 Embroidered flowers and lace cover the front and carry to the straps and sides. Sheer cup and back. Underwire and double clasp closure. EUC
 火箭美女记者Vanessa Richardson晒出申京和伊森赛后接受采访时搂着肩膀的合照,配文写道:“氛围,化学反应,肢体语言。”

········

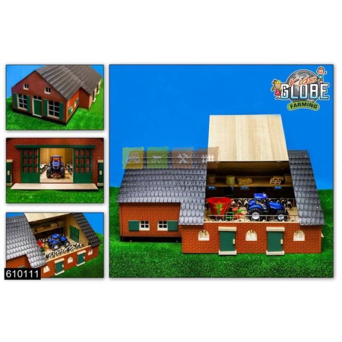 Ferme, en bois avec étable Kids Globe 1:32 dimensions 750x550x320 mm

········

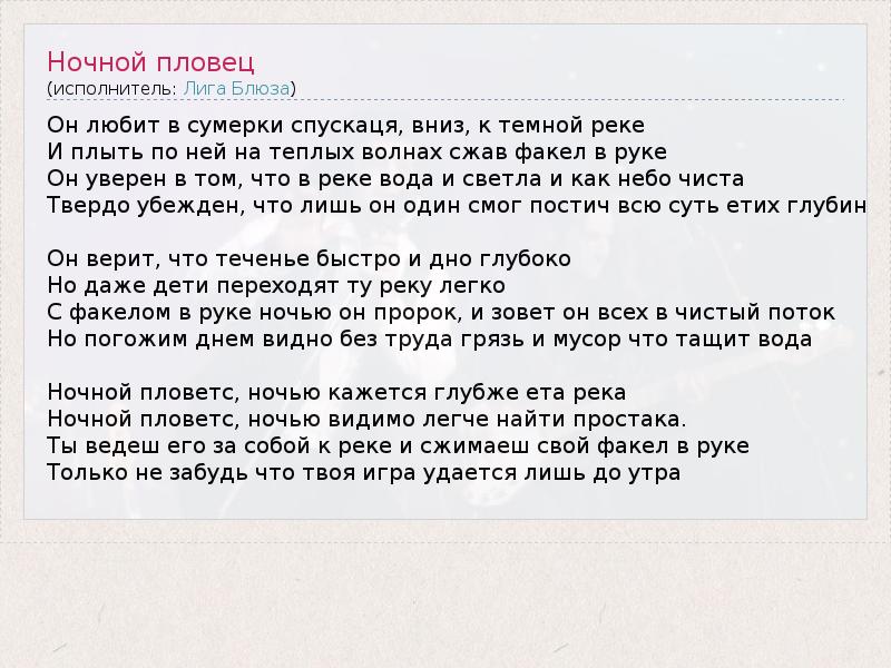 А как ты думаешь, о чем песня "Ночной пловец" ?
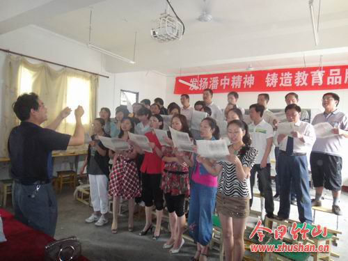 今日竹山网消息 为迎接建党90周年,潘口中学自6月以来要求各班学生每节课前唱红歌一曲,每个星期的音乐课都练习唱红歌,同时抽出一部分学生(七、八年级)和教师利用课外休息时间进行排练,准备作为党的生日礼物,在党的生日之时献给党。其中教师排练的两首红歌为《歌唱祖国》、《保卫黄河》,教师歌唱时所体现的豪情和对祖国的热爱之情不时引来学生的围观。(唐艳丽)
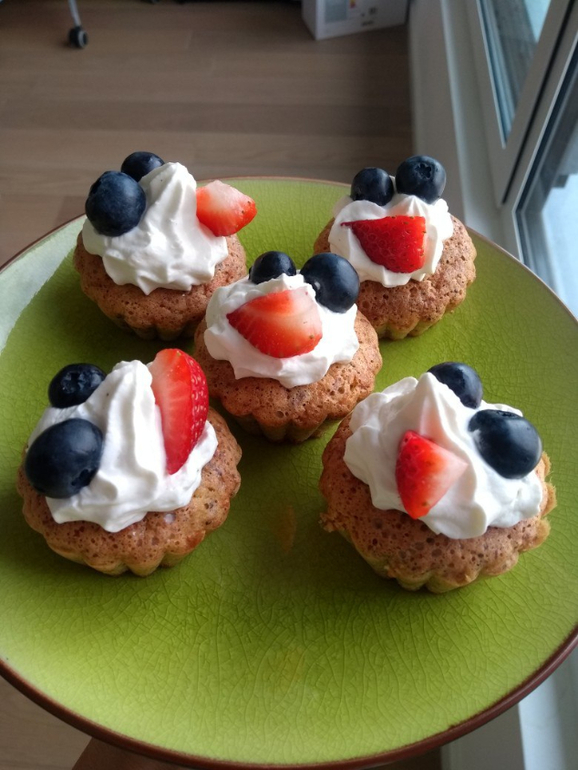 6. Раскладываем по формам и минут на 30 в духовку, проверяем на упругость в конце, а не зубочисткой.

········

*Task goal*:
Print, word for word, the lines above that run from the line containing "今日竹山网消息 为迎接建党9" to the line containing "6. Раскладываем по", both included. Keep the pictures out.

*Result for this exercise*:
 今日竹山网消息 为迎接建党90周年,潘口中学自6月以来要求各班学生每节课前唱红歌一曲,每个星期的音乐课都练习唱红歌,同时抽出一部分学生(七、八年级)和教师利用课外休息时间进行排练,准备作为党的生日礼物,在党的生日之时献给党。其中教师排练的两首红歌为《歌唱祖国》、《保卫黄河》,教师歌唱时所体现的豪情和对祖国的热爱之情不时引来学生的围观。(唐艳丽)
 6. Раскладываем по формам и минут на 30 в духовку, проверяем на упругость в конце, а не зубочисткой.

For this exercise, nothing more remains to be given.